# Elizabeth Wardwell



## Tyler (Jul 17, 2008)

Elizabeth Wardwell was always thought of as a kind old woman. Recent suspect of Akash has led some to believe her to be a w..... no, of course not. Not kind old Elizabeth, she's just a poor old woman, right...........


----------



## fick209 (Aug 31, 2009)

Another great creation Tyler...I'm looking forward to seeing them all together in your 2010 haunt!


----------



## IMU (Apr 8, 2009)

Very nice ... and creepy!


----------



## Spooky1 (Aug 25, 2008)

What big eye's you have Grandma! Liz looks quite creepy.


----------



## Devils Chariot (May 23, 2007)

She's a witch!!! Burn her!!! Keep the great work comin Tyler.

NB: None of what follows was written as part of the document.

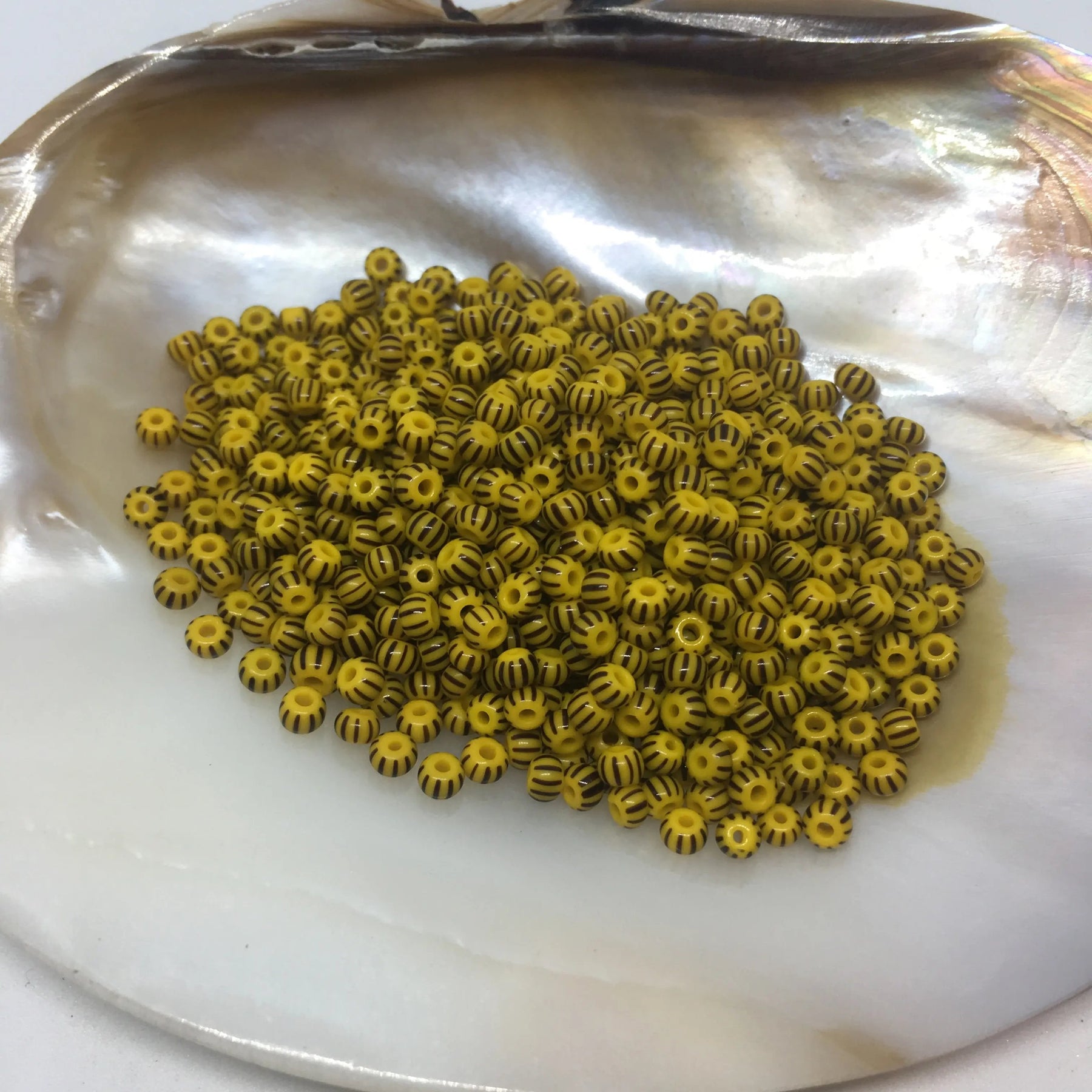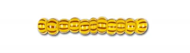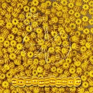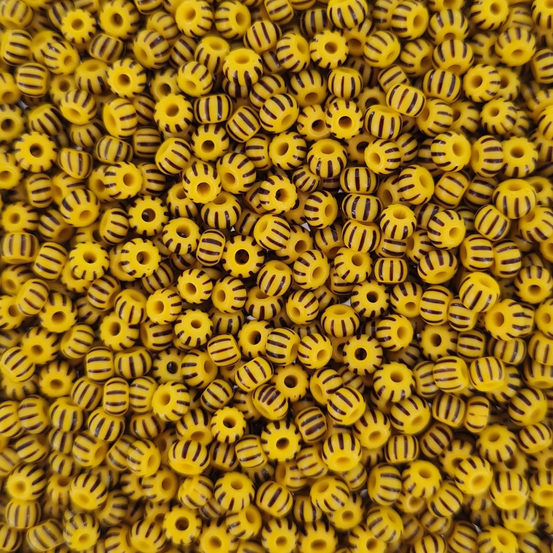 Kleine gelbe Glasperlen mit dichten schwarzen Streifen.

BTW, where do you store your millions of props?


----------



## RoxyBlue (Oct 6, 2008)

Love the sneer she has!


----------



## Joiseygal (Sep 3, 2008)

Looks really good Tyler and great expression on her face!


----------



## nixie (Sep 17, 2008)

I love her! Your creations all have such wonderful expressions and character!


----------



## ScreamingScarecrow (Oct 1, 2008)

She looks great!


----------



## Tyler (Jul 17, 2008)

Devils Chariot said:


> She's a witch!!! Burn her!!! Keep the great work comin Tyler.
> 
> BTW, where do you store your millions of props?


Thanks guys!!
And, well the shed, crawlspace, and my room!haha I have bunkbeds and the entire top is filled with stuff! I have half the tree up there.


----------



## scareme (Aug 29, 2006)

Looks great. Yeah, storage is always an issue.


----------